* _Input material_
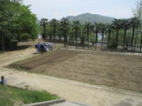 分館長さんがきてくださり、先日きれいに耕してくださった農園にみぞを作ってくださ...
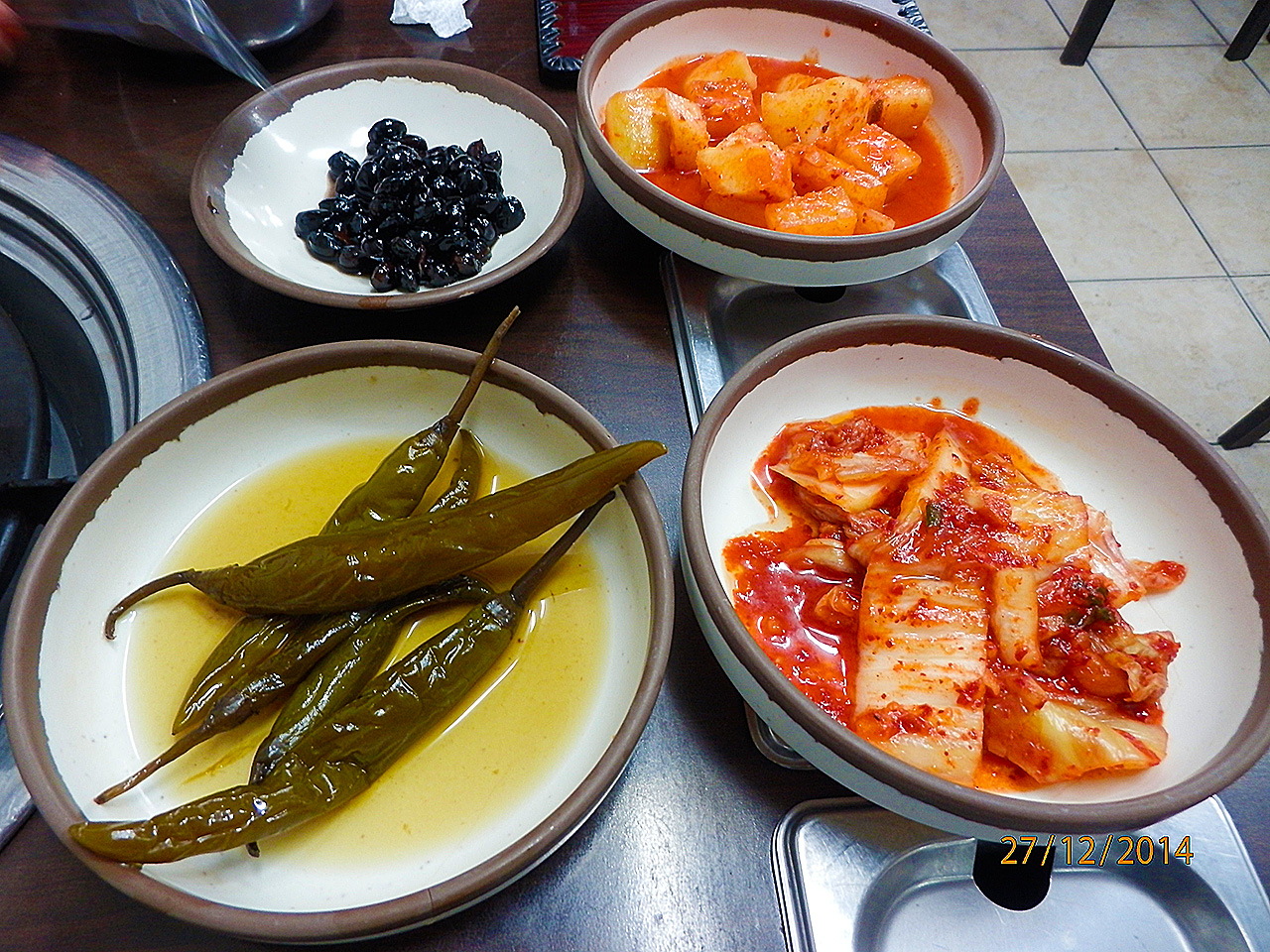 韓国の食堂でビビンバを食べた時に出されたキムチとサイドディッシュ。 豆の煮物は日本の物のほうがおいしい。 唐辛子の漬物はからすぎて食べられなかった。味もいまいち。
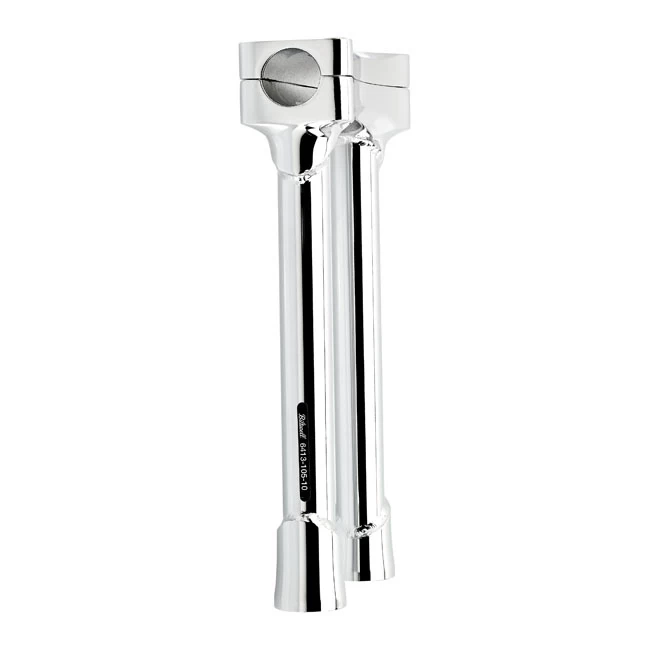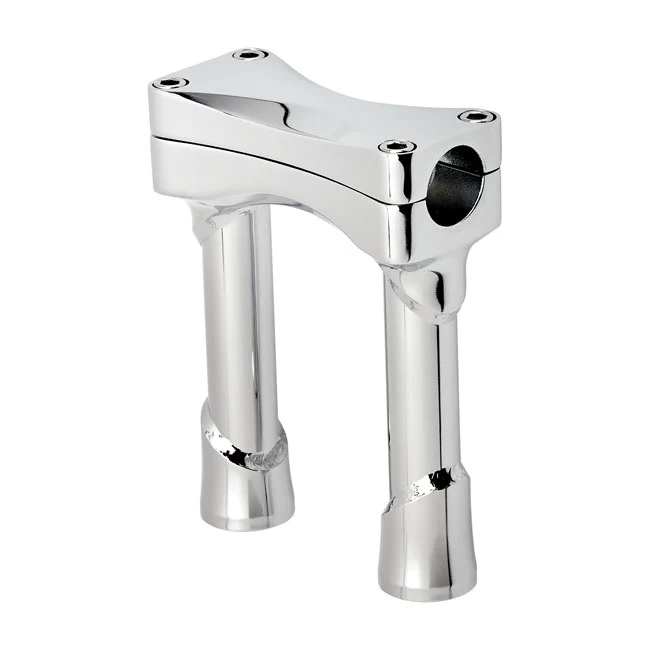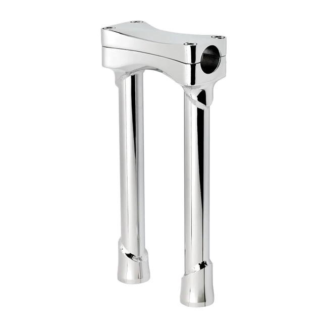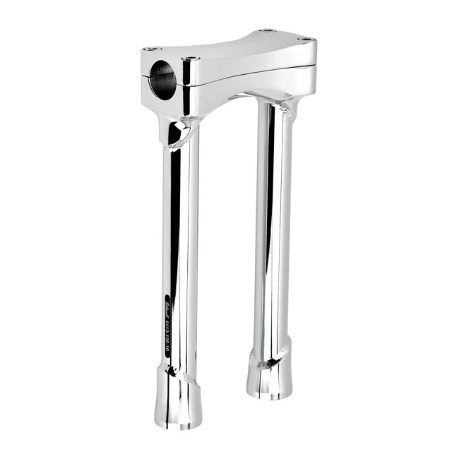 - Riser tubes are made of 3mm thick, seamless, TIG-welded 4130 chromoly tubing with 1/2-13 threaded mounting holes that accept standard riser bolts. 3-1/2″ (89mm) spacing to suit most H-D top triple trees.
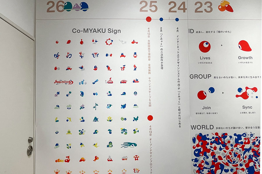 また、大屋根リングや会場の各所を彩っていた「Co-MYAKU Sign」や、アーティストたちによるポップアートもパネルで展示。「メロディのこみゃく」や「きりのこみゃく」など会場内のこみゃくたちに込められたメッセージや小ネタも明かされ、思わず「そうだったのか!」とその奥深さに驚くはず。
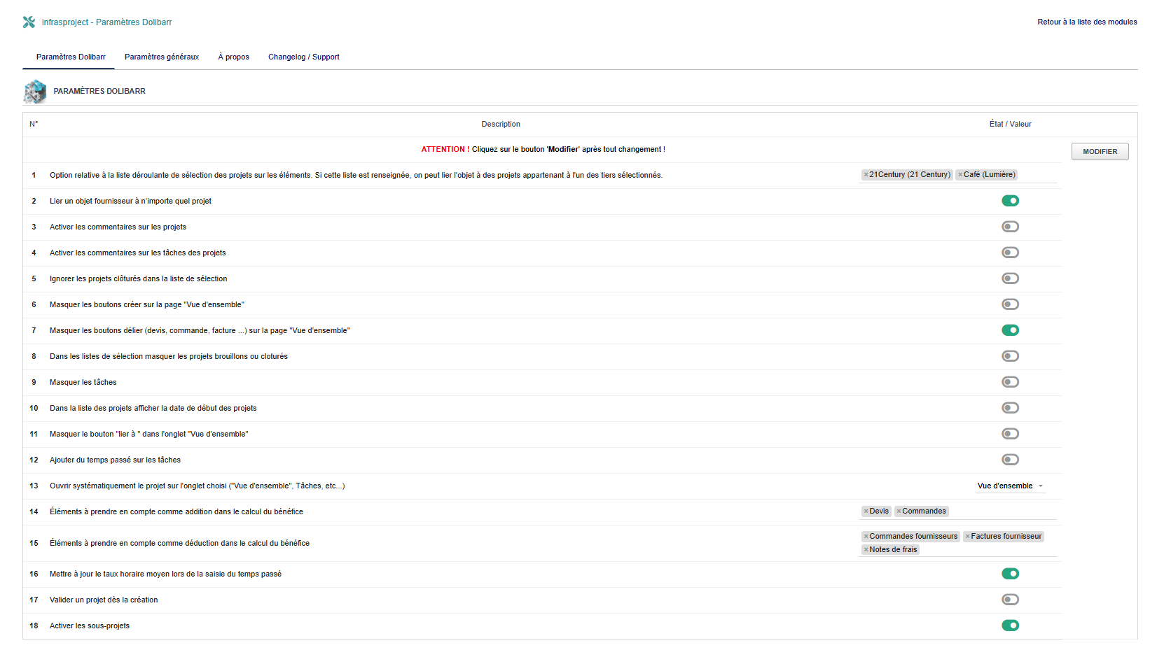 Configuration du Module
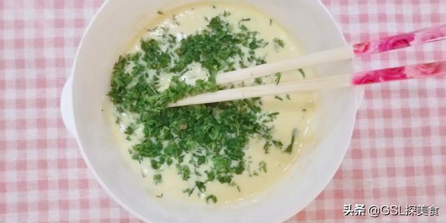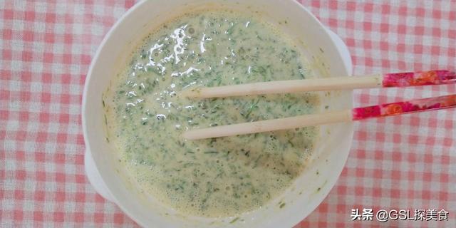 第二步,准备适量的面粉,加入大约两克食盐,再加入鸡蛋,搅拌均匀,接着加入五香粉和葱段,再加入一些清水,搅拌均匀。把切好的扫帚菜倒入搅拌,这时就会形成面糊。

* _Exercise goal_
Produce an exact copy of every line above, with the images left out.

* _Result for this task_
 分館長さんがきてくださり、先日きれいに耕してくださった農園にみぞを作ってくださ...
 韓国の食堂でビビンバを食べた時に出されたキムチとサイドディッシュ。 豆の煮物は日本の物のほうがおいしい。 唐辛子の漬物はからすぎて食べられなかった。味もいまいち。
 - Riser tubes are made of 3mm thick, seamless, TIG-welded 4130 chromoly tubing with 1/2-13 threaded mounting holes that accept standard riser bolts. 3-1/2″ (89mm) spacing to suit most H-D top triple trees.
 また、大屋根リングや会場の各所を彩っていた「Co-MYAKU Sign」や、アーティストたちによるポップアートもパネルで展示。「メロディのこみゃく」や「きりのこみゃく」など会場内のこみゃくたちに込められたメッセージや小ネタも明かされ、思わず「そうだったのか!」とその奥深さに驚くはず。
 Configuration du Module
 第二步,准备适量的面粉,加入大约两克食盐,再加入鸡蛋,搅拌均匀,接着加入五香粉和葱段,再加入一些清水,搅拌均匀。把切好的扫帚菜倒入搅拌,这时就会形成面糊。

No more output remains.